DAVAO - President Benigno Aquino linked for the first time Islamic militants and breakaway Muslim rebels on Thursday to a recent spate of deadly bombings in the Philippines.
A total of 14 people were killed in two blasts on the southern island of Mindanao on July 26 and August 5, with 76 others wounded in the attacks. Seven soldiers were also wounded in a roadside bomb attack in Mindanao on Wednesday.
The authorities now believe the attacks were linked to security operations against the Abu Sayyaf Islamic militant group and the Bangsamoro Islamic Freedom Fighters (BIFF), Mr Aquino said in the Mindanao city of Davao.
"There is a theory that all of these bombings are related to that, to lessen the pressure of ongoing follow-up operations against these BIFF elements," he told reporters on the sidelines of a business conference.
Mr Aquino did not say outright if Abu Sayyaf and BIFF are directly behind the recent Mindanao bombings.
But he said the security services are looking into growing links among three "threat groups" that he did not identify.
"Previously they were in some sort of a loose alliance, but now they are working together in a desperate bid to halt the peace process in Mindanao," Mr Aquino said.
The leader of the BIFF had been expelled from the Moro Islamic Liberation Front, which later signed a preliminary peace agreement with the national government last year.
Mr Aquino hopes to sign a final peace treaty with the MILF before he leaves office in 2016 that would create an autonomous Muslim area in the south of the mainly Catholic nation, and end decades of conflict that have claimed 150,000 lives.
Three members of the BIFF, which opposes the MILF peace talks, were killed in a skirmish with the military in Mindanao last week.
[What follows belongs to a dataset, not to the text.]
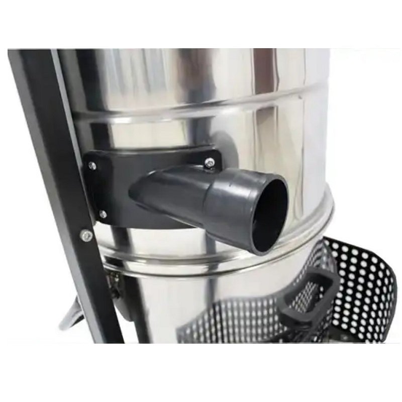 Аппарат оснащен тремя высокопроизводительными турбинами, обеспечивающими исключительную мощность всасывания. Прочный корпус из нержавеющей стали и устойчивая тележка с четырьмя колесами (двумя большими и двумя поворотными) гарантируют удобство перемещения и долговечность эксплуатации. В конструкции предусмотрены практичные решения: опрокидывающийся бак для легкой очистки, держатель для аксессуаров и моющийся фильтр для поддержания гигиеничности.

Mr Aquino said there are also ongoing operations against the Abu Sayyaf, blamed for the deadliest bombings in the country as well as kidnappings of foreign tourists and missionaries.
On the neighbouring southern island of Basilan on Thursday, a soldier was killed and eight others slightly wounded in an assault of an Abu Sayyaf hideout, the military said.
The dawn raid turned up mortar shells, improvised explosive devices and other bomb-making materials, said Colonel Carlito Galvez, the island's military commander.
"The Abu Sayyaf planned to use these after the Ramadan," said Col Galvez, referring to the Muslim fasting period which ended on Thursday.